> **Instructions for the task**
Retype only the lines from the top of the records to the line with "Bộ đội đưa hàng", including that line but none of the pictures.

Segment Start: Data extracts

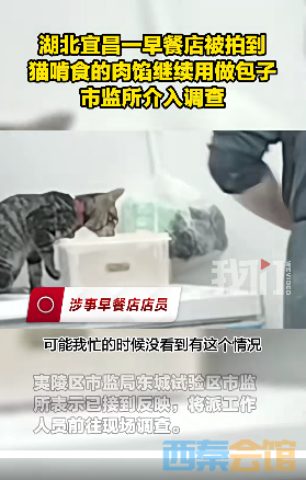 近日,有网友发布视频称,湖北宜昌夷陵区一餐饮店用猫啃食过的肉馅制作包子。视频画面显示,一只猫爬上店内桌子,疑似在啃食用于制作包子的肉馅,随后店员将装有肉馅的容器移开,事件引发关注。
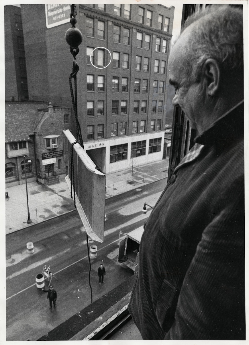 Paul Rodriguez of Rodriguez and McGilly Movers watches a crane lifting a skid to an upper floor of the Watson Building, which was scheduled for demolition. In the background, the Bertsch Building, with a sign indicating it was then home to the Cleveland Building and Construction Trades Council. | Date: 1972 | Source: Cleveland Public Library, Photograph CollectionDownload Original File
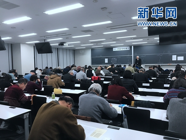 80余应试者在日本东京明治大学中野校区考场参加第4届“中国百科检定”考试。新华网记者王可佳 摄
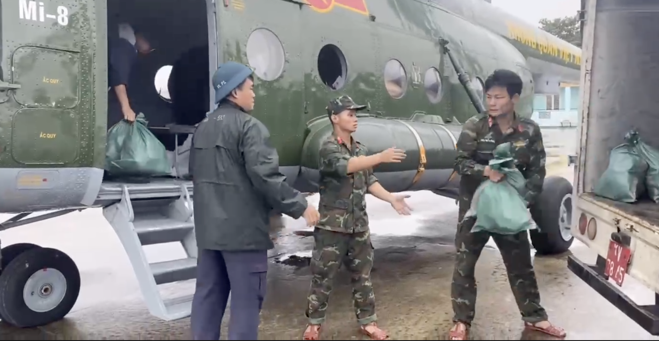 Bộ đội đưa hàng hóa lên trực thăng để tiếp tế vùng lũ - Ảnh: KHẢI ĐĂNG
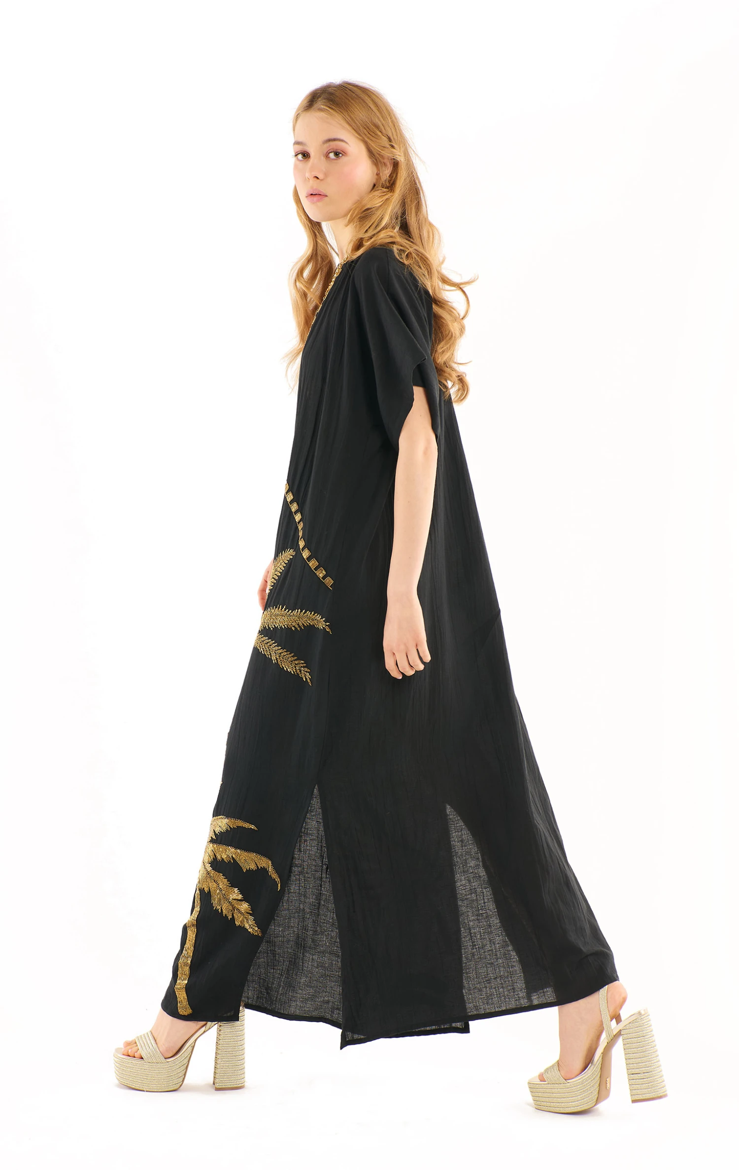 De forme caftan – djellabah réinterprétée « bijou », la robe Annie se distingue par son incroyable volume et sa confection en gaze de coton. Son devant est magnifiquement orné de perles de rocaille dorées et gun, illustrant des motifs de palmiers exceptionnels, témoignant d’un travail artisanal remarquable. Ouverte sur chaque côté, elle descend jusqu’aux chevilles, renforçant ainsi le volume précieux de la djellabah. Ultra féminine, elle arbore un décolleté en V profond et des manches courtes.

Segment End: Data extracts

> **Reply**
 近日,有网友发布视频称,湖北宜昌夷陵区一餐饮店用猫啃食过的肉馅制作包子。视频画面显示,一只猫爬上店内桌子,疑似在啃食用于制作包子的肉馅,随后店员将装有肉馅的容器移开,事件引发关注。
 Paul Rodriguez of Rodriguez and McGilly Movers watches a crane lifting a skid to an upper floor of the Watson Building, which was scheduled for demolition. In the background, the Bertsch Building, with a sign indicating it was then home to the Cleveland Building and Construction Trades Council. | Date: 1972 | Source: Cleveland Public Library, Photograph CollectionDownload Original File
 80余应试者在日本东京明治大学中野校区考场参加第4届“中国百科检定”考试。新华网记者王可佳 摄
 Bộ đội đưa hàng hóa lên trực thăng để tiếp tế vùng lũ - Ảnh: KHẢI ĐĂNG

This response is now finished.